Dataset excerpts
.....

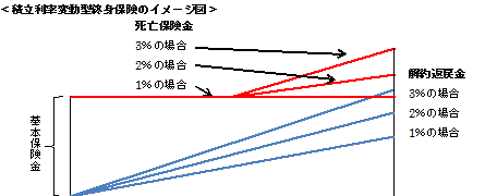 利率が変わるだけですので、変額保険のように大きく増えることまでは期待できません。
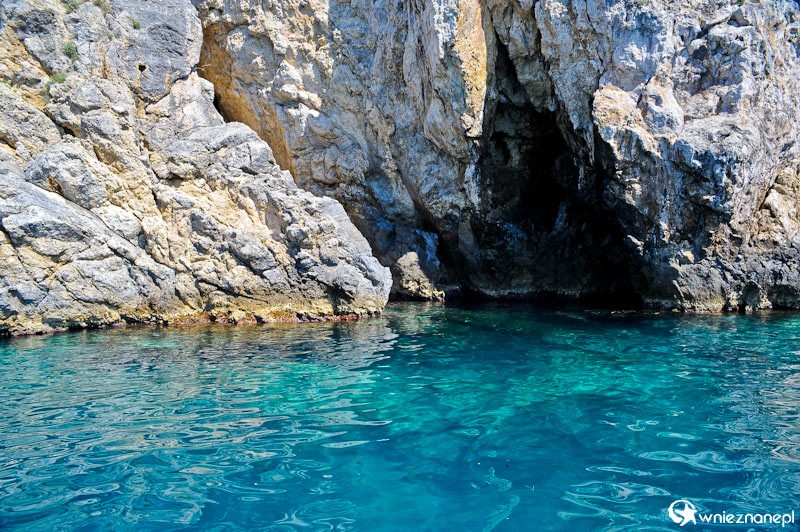 Grecka wyspa Korfu. Skaliste wybrzeże Morza Jońskiego  w miejscowości Paleokastritsa.  - foto: wnieznane.pl
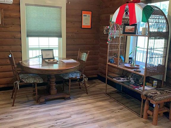 Gorgeous real log home! All the finer touches and upgrades. Wonderful floor plan one bedroom on the main level, two bedrooms upstairs with a beautiful bathroom. Private, end of the road, huge carport, fun fire pit area undercover, Garden space, paved road, stainless appliances, cozy fireplace, lots of little work spaces. So much more. A must see! 24 hours notice plz.
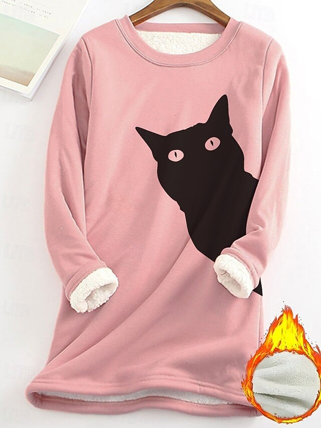 This Women's Pullover Sweatshirt Animal Cat Fashion Basic Casual Long Sleeve Crew Neck Long Tops Street Dailywear Casual Print Fleece Lined Black Pink Dark Pink Blue Fall Winter combines elegant design with practical functionality. Every detail has been carefully considered to ensure you get the ultimate possible experience. The finest construction means this product will serve you well for years to come.
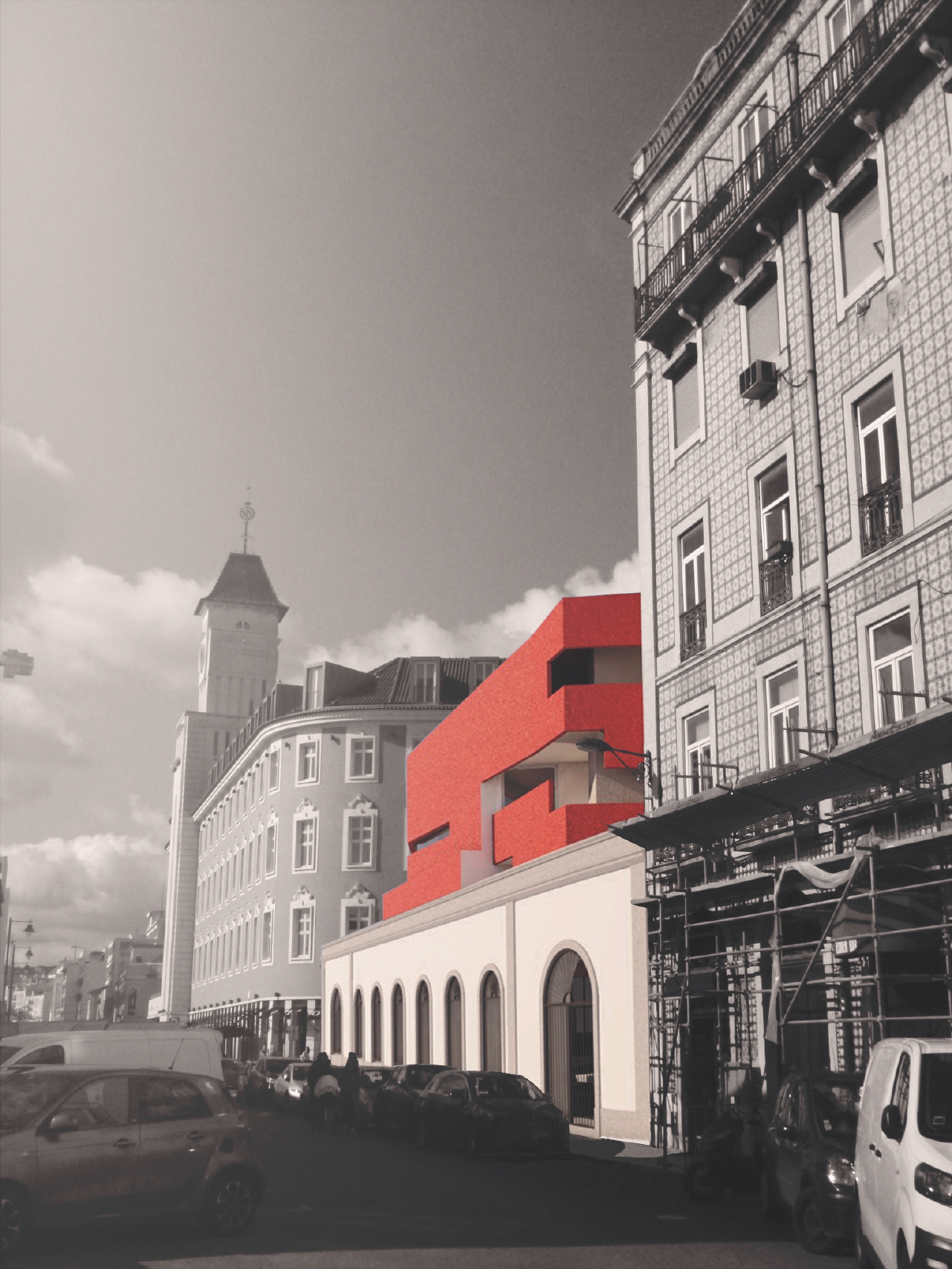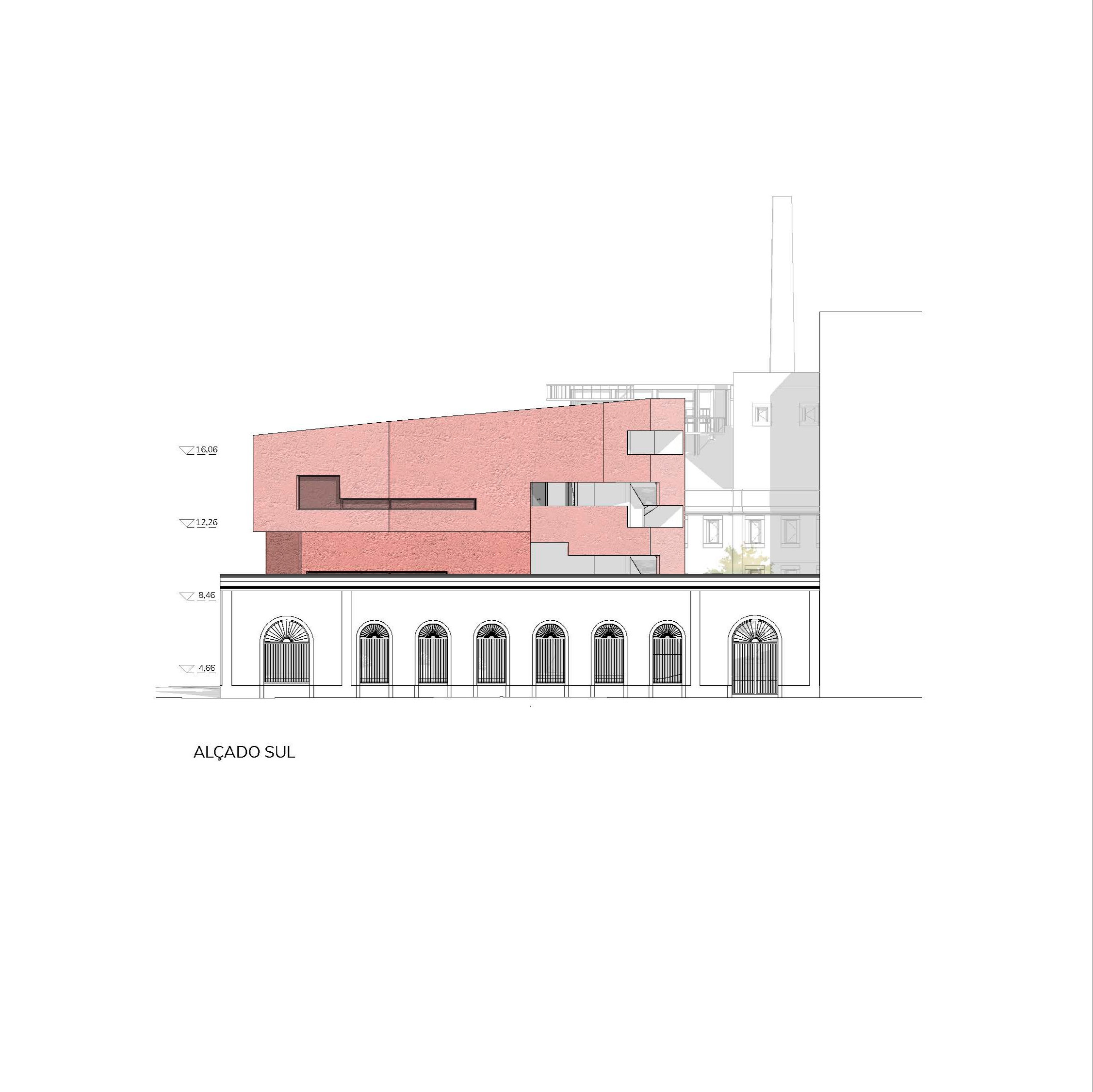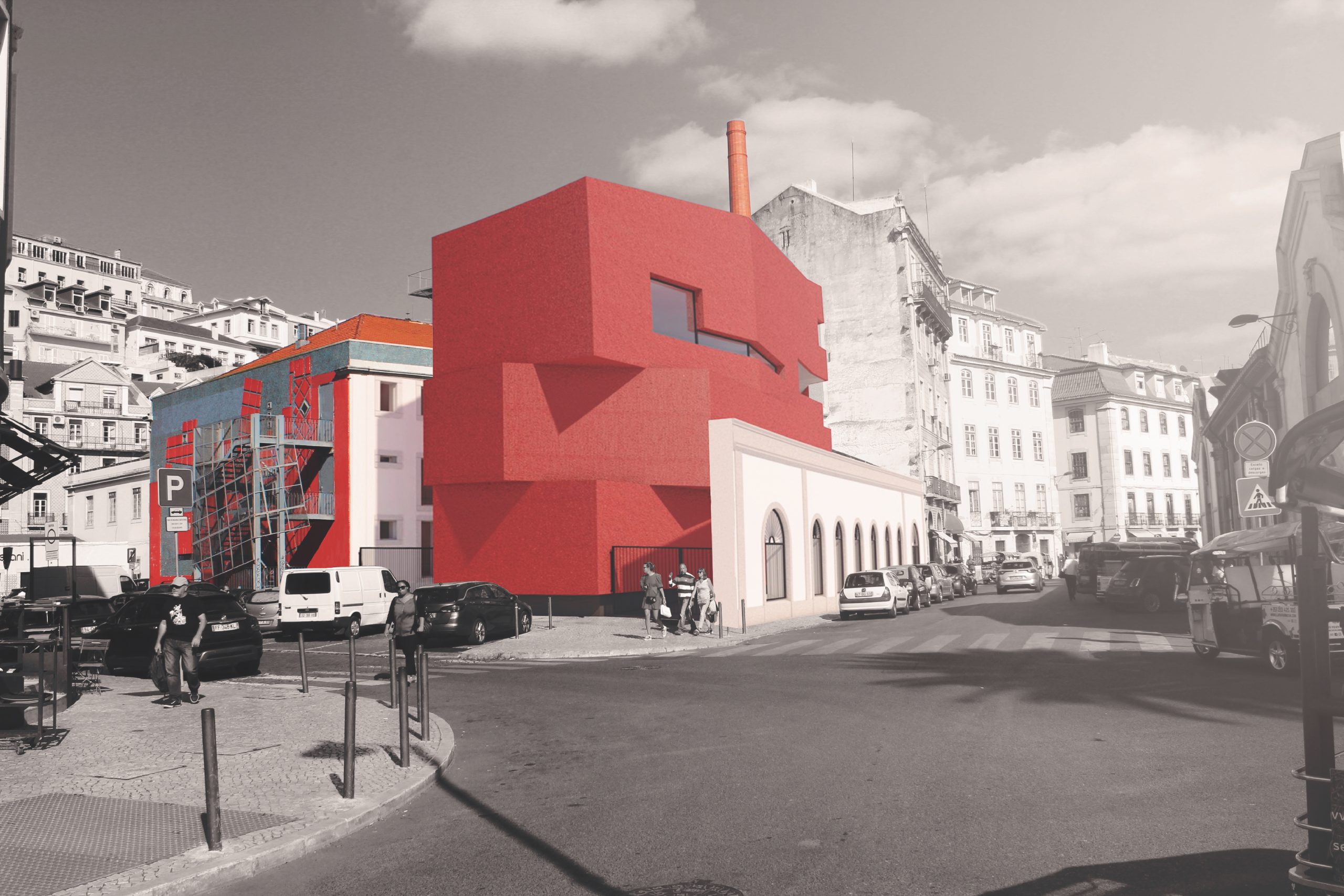 A escala vertical do edifício proposto, volume fragmentado piso a piso, dialoga com a massa horizontal da sede e dá continuidade visual à empena ao mesmo tempo que revela espaços estreitos ao modo do tecido espontâneo da Lisboa medieval em que se passa por becos e travessas.

.....

◆ Task prompt: Line by line, print the records exactly, leaving the pictures behind.

◆ Solution for this task:
 利率が変わるだけですので、変額保険のように大きく増えることまでは期待できません。
 Grecka wyspa Korfu. Skaliste wybrzeże Morza Jońskiego  w miejscowości Paleokastritsa.  - foto: wnieznane.pl
 Gorgeous real log home! All the finer touches and upgrades. Wonderful floor plan one bedroom on the main level, two bedrooms upstairs with a beautiful bathroom. Private, end of the road, huge carport, fun fire pit area undercover, Garden space, paved road, stainless appliances, cozy fireplace, lots of little work spaces. So much more. A must see! 24 hours notice plz.
 This Women's Pullover Sweatshirt Animal Cat Fashion Basic Casual Long Sleeve Crew Neck Long Tops Street Dailywear Casual Print Fleece Lined Black Pink Dark Pink Blue Fall Winter combines elegant design with practical functionality. Every detail has been carefully considered to ensure you get the ultimate possible experience. The finest construction means this product will serve you well for years to come.
 A escala vertical do edifício proposto, volume fragmentado piso a piso, dialoga com a massa horizontal da sede e dá continuidade visual à empena ao mesmo tempo que revela espaços estreitos ao modo do tecido espontâneo da Lisboa medieval em que se passa por becos e travessas.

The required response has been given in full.